Welcome to the ragball was an exhibition of new painting and sculpture by Lester Goldman (1942 - 2005) at JNG in Kansas City in 2001. The exhibition also debuted a limited edition book by Goldman and Brady Vest of Hammerpress in Kansas City.
Culminating in 1996 with the exhibition "Wombshot" at Grand Arts in Kansas City, Lester Goldman completed a 10 year project of carnival-structured events including large-scale paintings and sculpture, texts and diagrams, animated loop devices, music and performance. The new works in "welcome to the ragball" were his most conceptually refined to date. They continued the then recent reduction, both in materials and complexity of imagery first seen in the paintings exhibited in his 1998 exhibition at the Jan Weiner Gallery, and furthered Goldman's investigations into "base liquidity, color alert, life support systems, weightlessness and expressive movement". In these new paintings, there were now larger fields of color, more dialogue with abstraction and further obscuration of figurative references. What remained and came to the forefront were the resultant forms, colors and emotions that resulted from the earlier "actions" that continued to inform his work. The new sculptures, too, were simplified and refined and related closely to the paintings in scale, feel, color and form.
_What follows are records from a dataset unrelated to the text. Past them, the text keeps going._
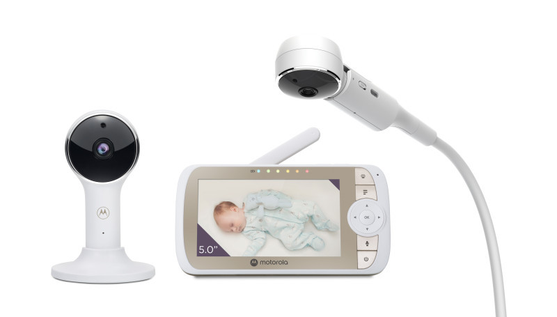 Motorola | Full HD Wi-Fi Video Baby Monitor with Crib Mount | VM65X CONNECT 5.0" | 5.0" LCD colour display with 480 x 272 resolution; Lullabies; Room temperature monitoring; Infrared night vision; LED sound level indicator; Wi-Fi connectivity for on-the-go viewing; 2.4GHz FHSS wireless technology for in-home viewing; Digital pan, tilt and zoom; High sensitivity microphone; Rechargeable parent unit; Secure and private connection; Over-the-crib mount; Flexible magnetic mount | White/Gold
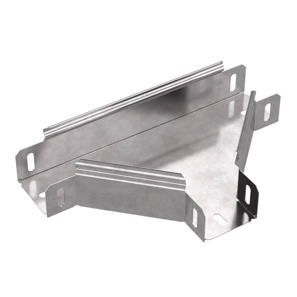 Аксессуары изготовленные из стали с защитным покрытием по методу Сендзимира – это изделия, на которых защитное цинковое покрытие было нанесено на листовую сталь перед изготовлением. Толщина защитного покрытия варьируется от 10 до 22мкм. Климатическое исполнение изделий УХЛ2, что предусматривают эксплуатацию в помещении и под навесом, при температуре эксплуатации от -80 до +150°С. Ответвитель Т-образный предназначен для разветвления кабельных трасс в горизонтальном направлении, для перфорированных и глухих лотков. В комплект не входит крышка.
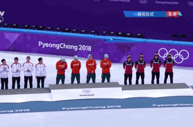 行吧,你愛怎麼説就怎麼説,但是這個動作為什麼看起來這麼眼熟?2018年韓國平昌冬奧會的男子短道速滑 5000 米接力賽的頒獎儀式上,獲得銅牌的加拿大隊員也曾經做了相同的動作,想必他們也是在表達對舉辦方韓國的尊重。
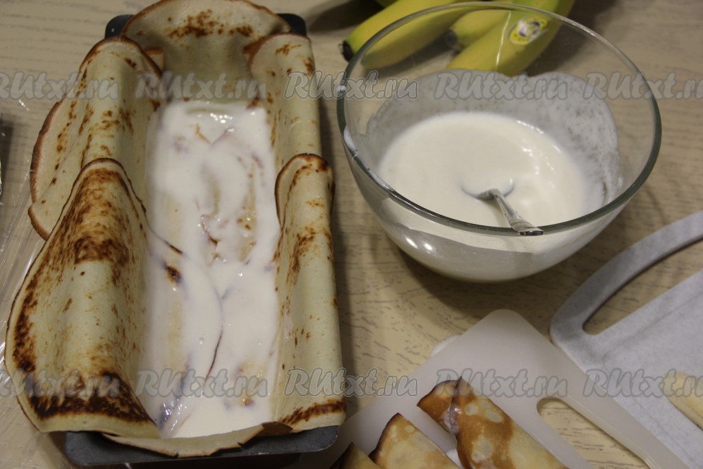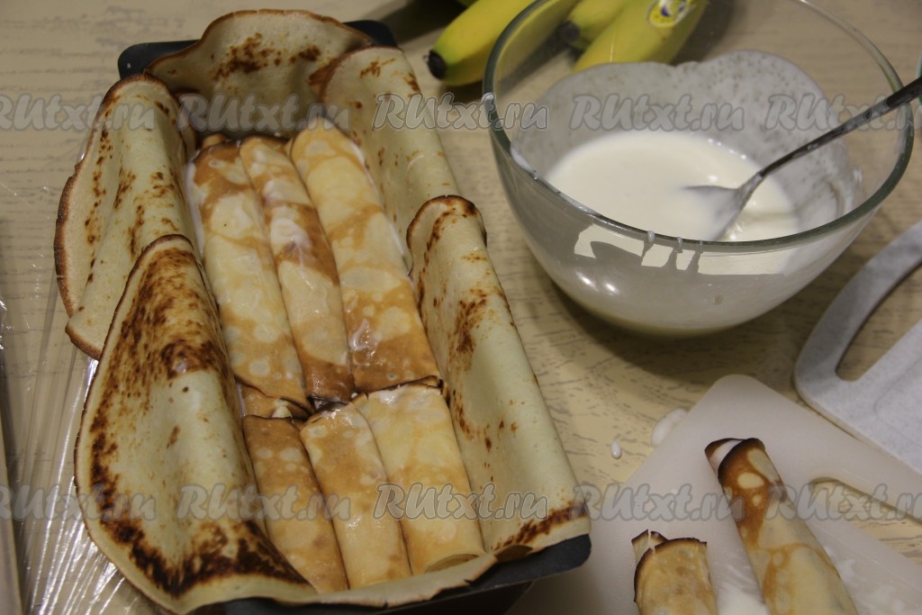 Плотно выложить рулетики из блинов с бананами в форму. Если рулетик не влезает целиком, то его можно подрезать по длине формы.
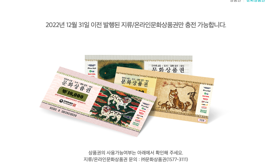 문화상품권은 (주) 문화상품권에서 발행하는 상품권으로 5천원권 만원권 오만원권의 세 종류가 발행중입니다.
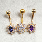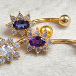 14K Gold Flower Belly Button Ring with Precious Stone Crystal Belly Ring - Belly Bar made of Fine Jewelry Hand Set and Hand Polished
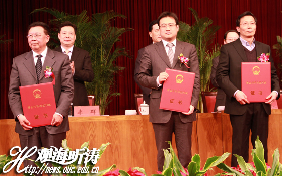 自然科学一等奖获得者张浩教授(中)上台领奖 本站讯 2011年3
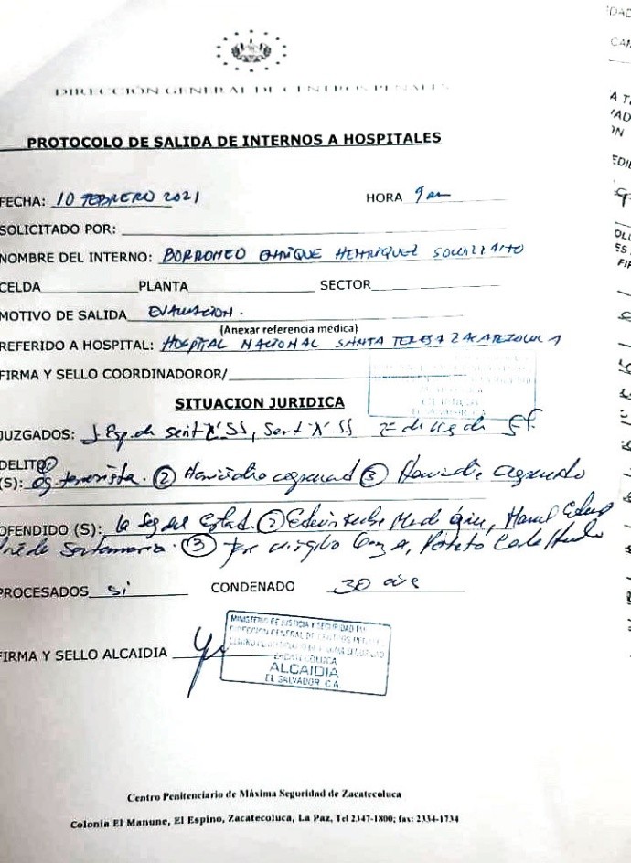 Protocolo de salida de internos a hospitales donde se lee que el motivo de salida de Diablito es “evaluación” / La Prensa Gráfica
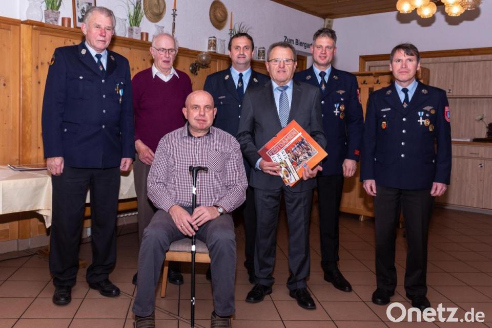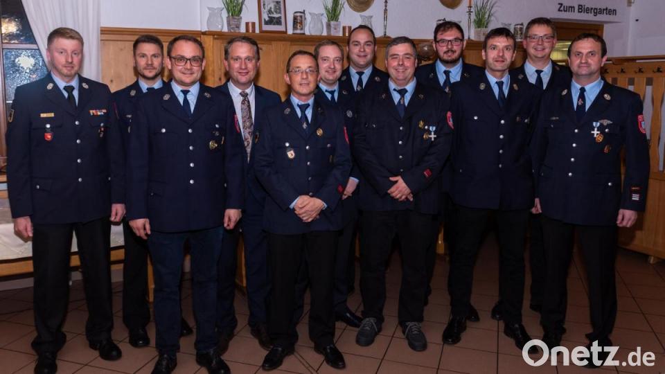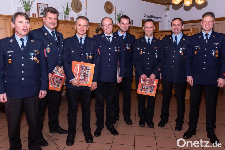 Zweiter Bürgermeister Hermann Böhm erinnerte an die Feuerwehrtugenden, bevor er gemeinsam mit Kommandant Max Rösch, Kreisbrandmeister Jürgen Schloß und dem Vorsitzenden Christian Beck zu den Ehrungen und Auszeichnungen schritt.
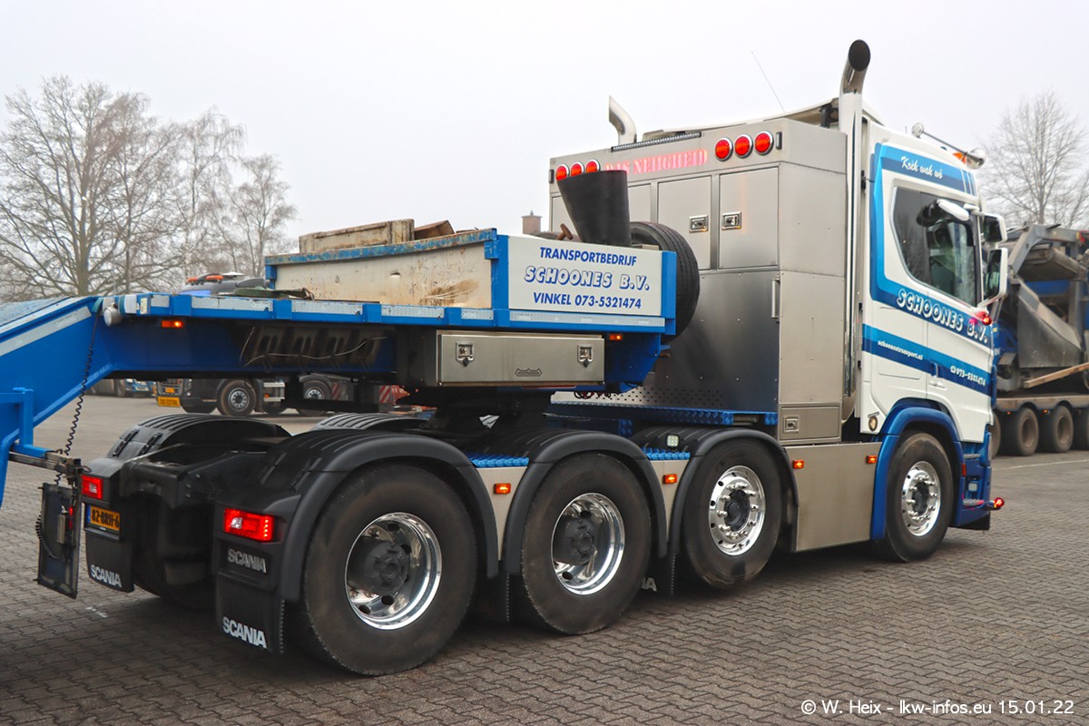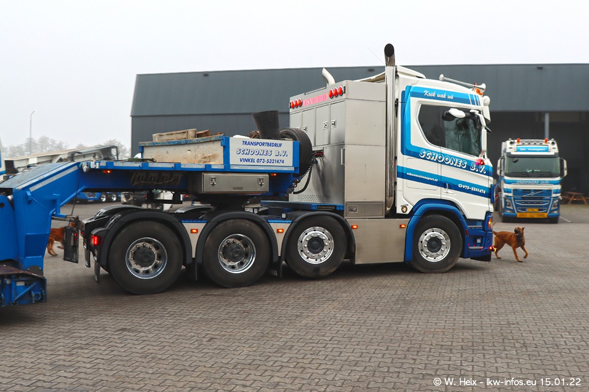 Diesmal hatte ich Glück, denn der SCANIA R 650 V8 NextGen 8x4 stand auf dem Hof. Das ist der erste SCANIA bei Schonnes und seit April 2021 im Fuhrpark. Spontan war auch ein kleines Fotoshooting möglich: auf dem Gelände und auf der Straße außerhalb. Bedingt durch das schlechte Wetter der letzten Wochen waren nur einige LKW gewaschen. Trotz des kalten nebligen Wetters konnte ich viele schöne Fotos machen. Ein Teil der Fahrzeuge war noch unterwegs, aber die sind vielleicht beim nächstem mal dann zuhause.
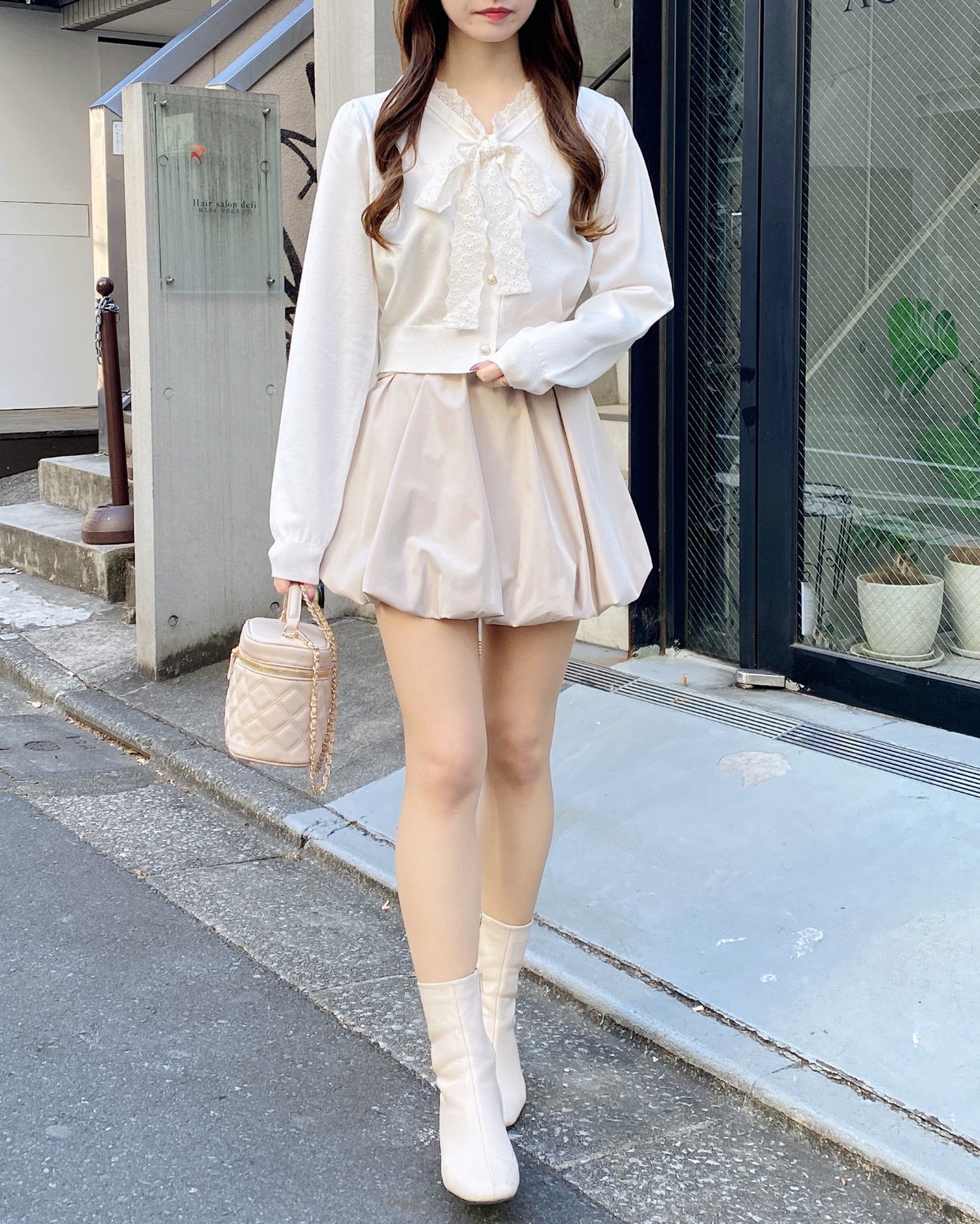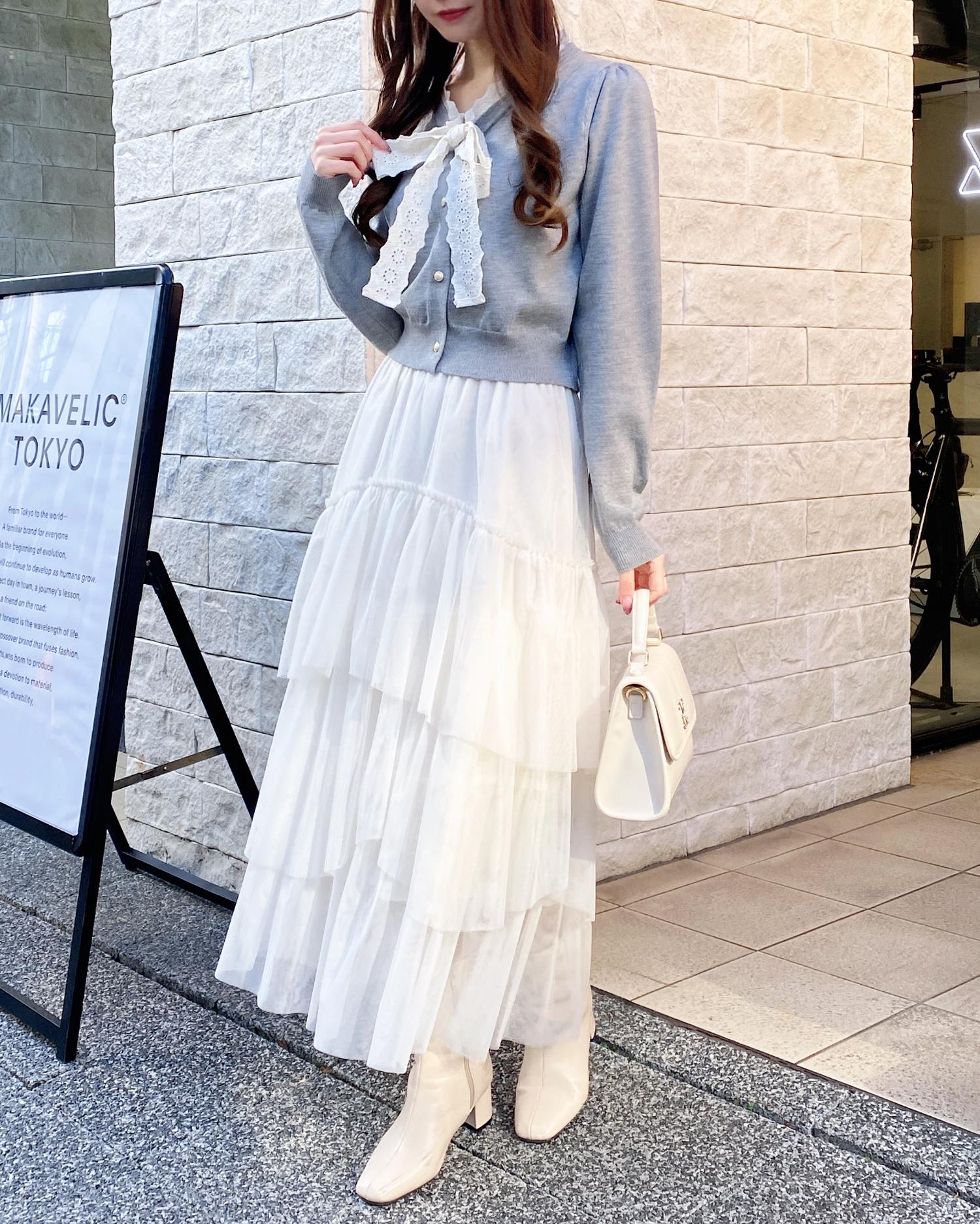 ふわっとしたバルーンスカートやチュールのスカートと合わせて可愛らしいスタイリングがおすすめ。
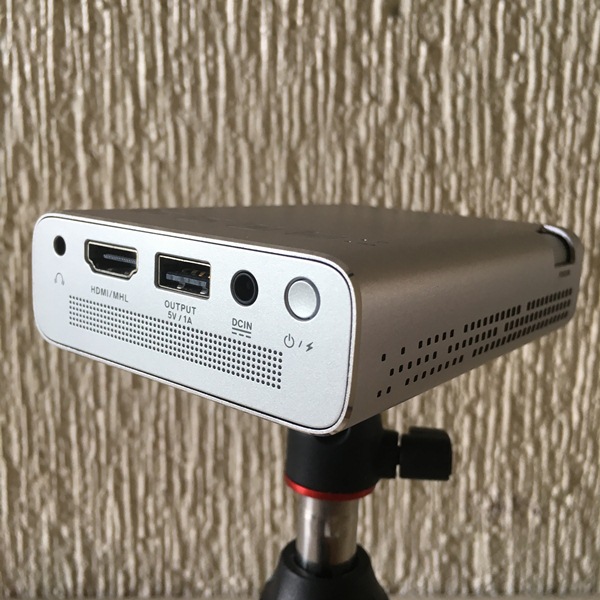 The sides are stylishly perforated for audio and heat dissipation. Meanwhile, the rear side hosts an HDMI connector, USB Type A port (5V, 1A), and a 3.5mm audio jack, alongside the DC connector and the power button. The HDMI connector links to compatible sources like computers, MHL-enabled smartphones and tablets, and media streamers. The USB connector is intended for recharging compatible mobile devices with micro-USB ports. The 3.5mm jack outputs sound to headphones and speakers. Meanwhile, apart from turning on/off the device, the power button also switches the ZenBeam E1 from being a projector to a power bank and vice versa. Aside from having a set of four rubber feet that keeps the projector stable while standing on a surface, the ZenBeam E1 also comes with a screw-in hole for tripod mounting on the bottom side.
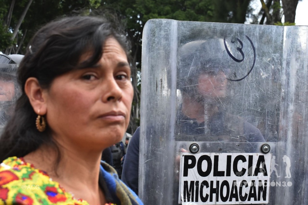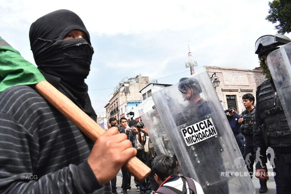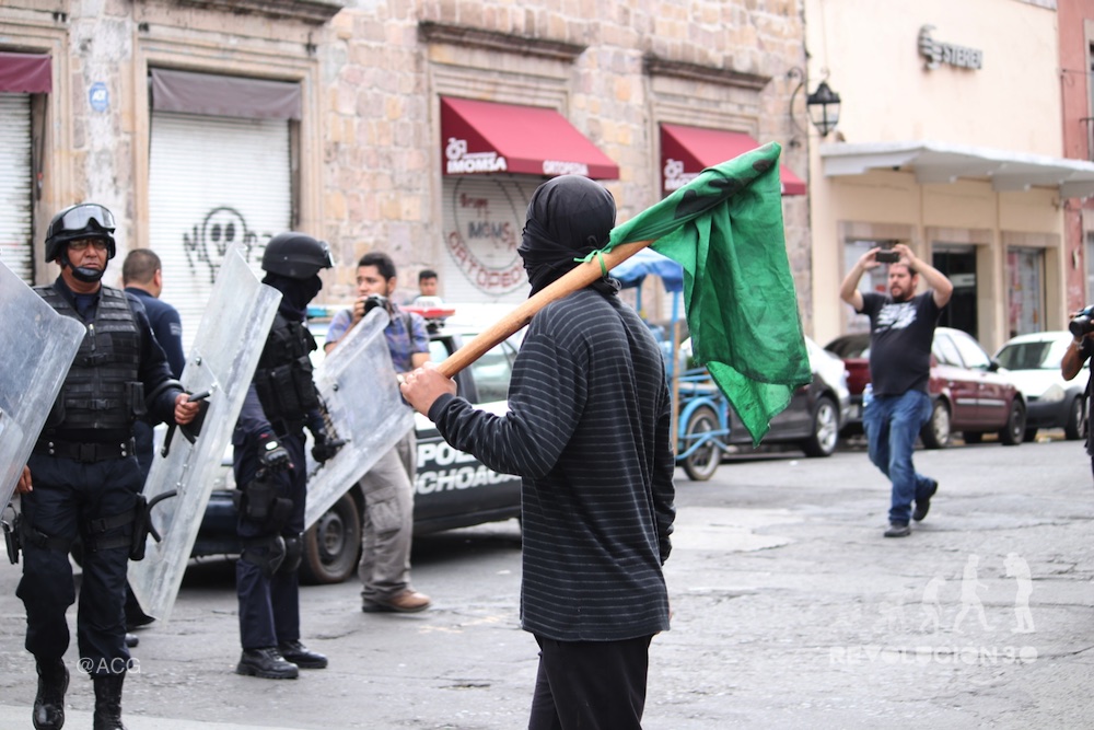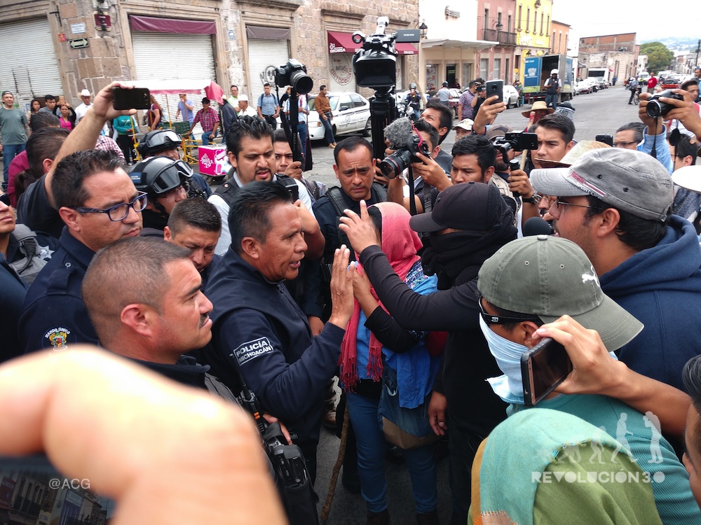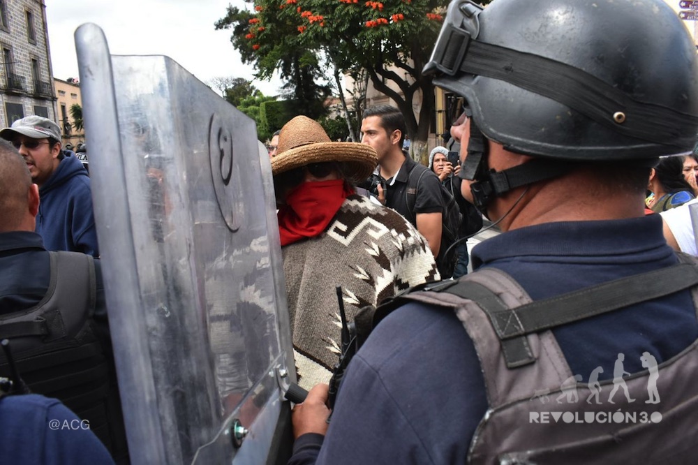 Un contingente policial estimado en 600 elementos pretende contener el avance de la marcha del Frente Nacional de Lucha por el Socialismo (FNLS) a la altura de Madero y Cuautla, donde los encargados del operativo piden a los manifestantes dejen palos que portan.

In collaboration with Brady Vest of Hammerpress, Lester Goldman also created a letterpress edition of "welcome to the ragball", a 32 page handprinted book limited to 250 copies. By chance, Goldman found some original 1930s comic illustration plates with prevailing social values relevant to that era. The book reproduces those plates, which Goldman has then "drawn into" as a response and in order to construct new associations without literal erasures. Additional responses to the 22 pages of drawings were made by five local poets in the second section of the book.The writers include Rush Rankin, Harvey Hix, Debra Di Blasi, Victoria Brockmeier and Christopher Leitch.